Dataset extract ::

'''

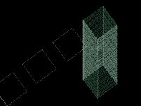 Il tombe dans un espace baigné de vide dont les murs, le sol, le plafond sont absents. Seulement des lignes qu'il peut traverser.
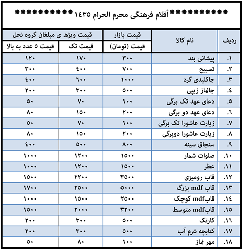 1 - ثبت نام و دریافت هزینه أقلام فرهنگی در قم و تحویل در منطقه ی تبلیغی می باشد.
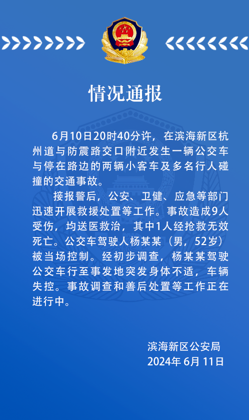 6月11日,微信公众号“安全天津滨海”发布了《警情通报》:6月10日20时40分左右,滨海新区杭州道与防震路交叉口周边发生一起交通事故,该事故与停在路边的两辆客车和多名行人发生碰撞。

'''

What is expected :: Line by line, write out the material exactly, leaving the images out.

Reply ::
 Il tombe dans un espace baigné de vide dont les murs, le sol, le plafond sont absents. Seulement des lignes qu'il peut traverser.
 1 - ثبت نام و دریافت هزینه أقلام فرهنگی در قم و تحویل در منطقه ی تبلیغی می باشد.
 6月11日,微信公众号“安全天津滨海”发布了《警情通报》:6月10日20时40分左右,滨海新区杭州道与防震路交叉口周边发生一起交通事故,该事故与停在路边的两辆客车和多名行人发生碰撞。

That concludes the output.